Bitcoin Is Money
Money has changed form throughout the centuries, from seashells, to beads, to precious metals, to coins, to paper notes, and the bank accounts that store and distribute them, for a fee! Money, in its various forms, is a medium of exchange to pay for goods and services or to pay off debts. It is also a unit of account and a store of value. Aristotle elaborated on the characteristics of money by first proclaiming that it is a fundamental measurement of everything. The purpose of money is to provide a unit through which individuals may equitably exchange goods and services. Aristotle specifies that money should be durable, portable, divisible, fungible, and contain intrinsic value.
Bitcoin Is Intentional Money
It is durable. The full account of every bitcoin transaction, is stored and updated on over 9000 computer systems distributed throughout the world. The survivability of Bitcoin exceeds individuals, corporations and governments, and has been risk modeled to survive nuclear holocust and asteroid impact. Only an absolute extinction level event could destroy Bitcoin, at that point, it would not matter.
It is portable. This is self-evident, it rides on the shoulders of the internet and global telecommunication infrastructure. It can move anywhere in the world in seconds.
It is divisible. One bitcoin is divisible into 100 million base units, called satoshis. The current value of one satoshi is approximately $0.00036. Some analysts suggest that in the near future one satoshi will have equivalent purchasing power as one US cent. At this point the unit of account will be satoshis, rather than bitcoins, which makes sense. We do not claim our income to be “five one-hundreths of a million dollars,” we say we earn $50,000.
It is fungible. This simply means that any one bitcoin has the same value as any other bitcoin. A dollar bill in my wallet grants me the same purchasing power as the dollar bill in your wallet. The pieces of paper are different but they work in exactly the same way. This is also true for Bitcoins.
It has intrinsic value. This is a philosophical discussion that is as ageless as philosophy itself. The problem is that value is subjective and is strongly influenced by cultural belief systems. Fundamentally, real value is derived from human labor and natural resources. Other layers of value are built upon these two foundations, either by using them or controlling them. The technology of Bitcoin harnesses these two layers of intrinsic value. The intelligence, experience, and wisdom that are the fruits of human labor contribute to the design and proliferation of the technology.
The infrastructure of the technology is derived from the value of the natural resources, like rare metals, as well as all the labor and resources that preceded bitcoin to grow the semiconductor industries and computer hardware manufacturing capability. Most visibly though, the creation of Bitcoin requires electricity. In this way Bitcoin is a store of energy, or the value of energy.
Bitcoin also has the intrinsic value of its network of users which grows as more people participate within it, adding their value both in terms of converting fiat currency into Bitcoin and by developing applications and services that are based on Bitcoin’s protocols, harnessing and improving Bitcoin’s network.

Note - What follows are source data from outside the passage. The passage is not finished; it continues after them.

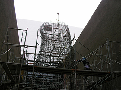 鉄筋の組立完了後、型枠用ネットを内外面の未設置部分に結束線を用いて取付けます。
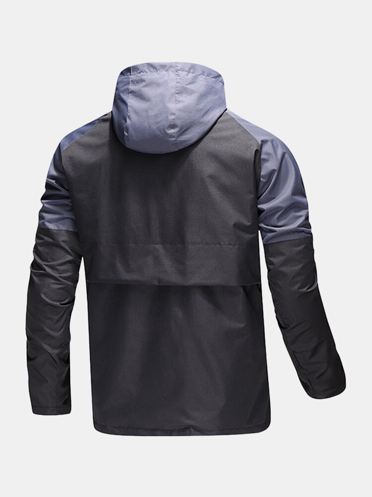 Mens Contrast Patchwork Zip Front Waterproof Drawstring Cuff Hooded Outdoors Jackets – Black L
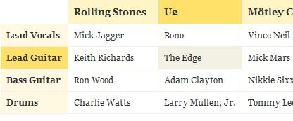 ask the css guy table 演示了怎么樣創建一個可以顯示數據之間的關系的表格,例如在單擊某個單元格時可以同時突出顯示最頂端的行和最左邊的列。

Value is largely subjective but there are common qualities people appreciate like utility, benefit, beauty, originality, and scarcity. Not everything we value has all of these qualities, but they would at least have one, and the combination of more tends to compound the value. Bitcoin has all of these qualities. As they combine and compound and create the perception of value, people want more of them, increasing the exchange rate, or fiat valuation of bitcoin. What is looming in the future, still not yet priced in, is its scarcity. There will only ever exist 21 million bitcoins, they are already rare. As more people catch up with this idea, the demand will grow logarithmically.
Bitcoin Is Sound Money
Sound money demands even more stringent requirements, in addition to the ones previously described. Sound money must protect the value of an individual's wealth from the expansion of the money supply dictated by central banks and governments. There is a finite supply of Bitcoins built into the design of the network and software, set at 21 million. There will never be more than 21 million bitcoins. No organization may suddenly declare that new Bitcoins exist. This protects the value of Bitcoin against the pressures of inflation. The supply can never be diluted, therefore the value will remain preserved.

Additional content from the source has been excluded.